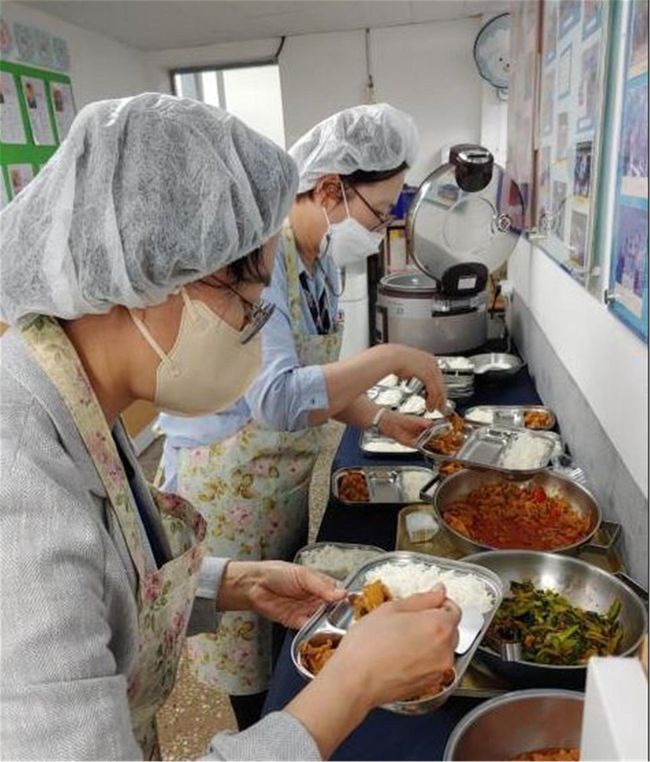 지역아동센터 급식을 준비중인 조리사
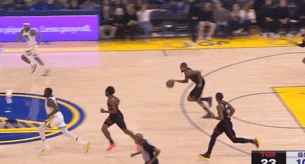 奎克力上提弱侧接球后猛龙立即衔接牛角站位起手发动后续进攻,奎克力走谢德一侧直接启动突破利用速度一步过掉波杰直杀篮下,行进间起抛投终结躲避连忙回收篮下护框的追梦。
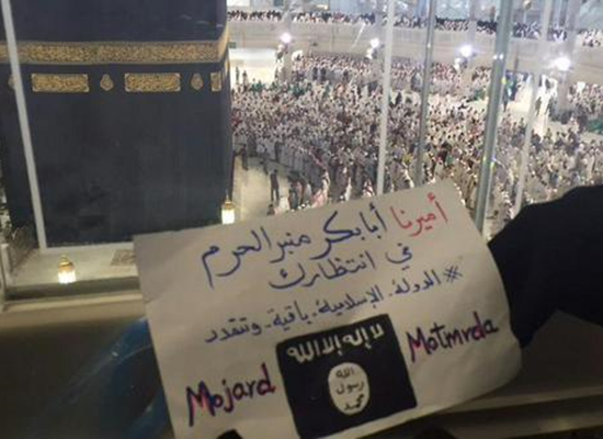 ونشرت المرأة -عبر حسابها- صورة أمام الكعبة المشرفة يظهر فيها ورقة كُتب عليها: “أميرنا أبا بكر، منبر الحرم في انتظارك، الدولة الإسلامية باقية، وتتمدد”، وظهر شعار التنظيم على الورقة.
...
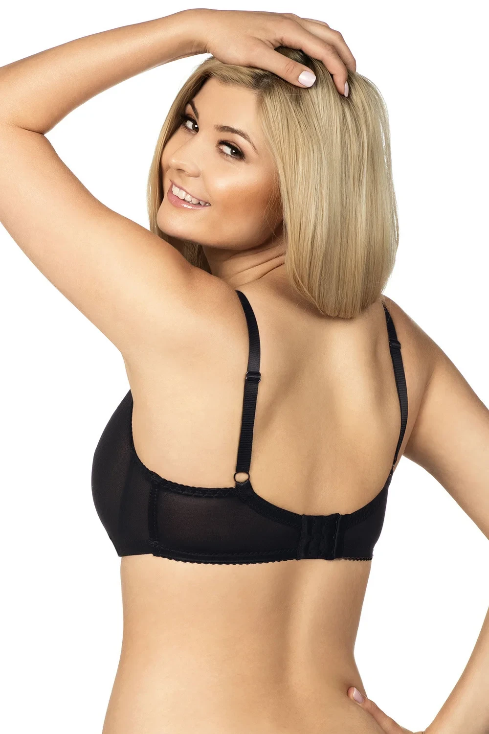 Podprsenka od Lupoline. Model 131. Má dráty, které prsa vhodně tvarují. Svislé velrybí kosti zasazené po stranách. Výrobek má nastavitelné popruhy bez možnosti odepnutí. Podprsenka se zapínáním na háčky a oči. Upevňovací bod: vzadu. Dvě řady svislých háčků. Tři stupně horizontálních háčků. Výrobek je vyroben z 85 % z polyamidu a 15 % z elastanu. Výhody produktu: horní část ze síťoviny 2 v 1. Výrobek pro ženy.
...
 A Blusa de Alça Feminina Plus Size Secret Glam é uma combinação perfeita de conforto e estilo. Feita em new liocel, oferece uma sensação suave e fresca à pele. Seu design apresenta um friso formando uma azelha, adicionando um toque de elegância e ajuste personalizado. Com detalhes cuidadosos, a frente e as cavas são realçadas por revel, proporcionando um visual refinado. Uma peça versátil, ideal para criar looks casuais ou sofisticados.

[Aim of the task]: Keep to the stretch from the line containing "奎克力上提弱侧接球后猛龙立即" through the line containing "ونشرت المرأة -عبر", both ends included, and copy it exactly from the listing above, minus the pictures.

[Answer section]:
 奎克力上提弱侧接球后猛龙立即衔接牛角站位起手发动后续进攻,奎克力走谢德一侧直接启动突破利用速度一步过掉波杰直杀篮下,行进间起抛投终结躲避连忙回收篮下护框的追梦。
 ونشرت المرأة -عبر حسابها- صورة أمام الكعبة المشرفة يظهر فيها ورقة كُتب عليها: “أميرنا أبا بكر، منبر الحرم في انتظارك، الدولة الإسلامية باقية، وتتمدد”، وظهر شعار التنظيم على الورقة.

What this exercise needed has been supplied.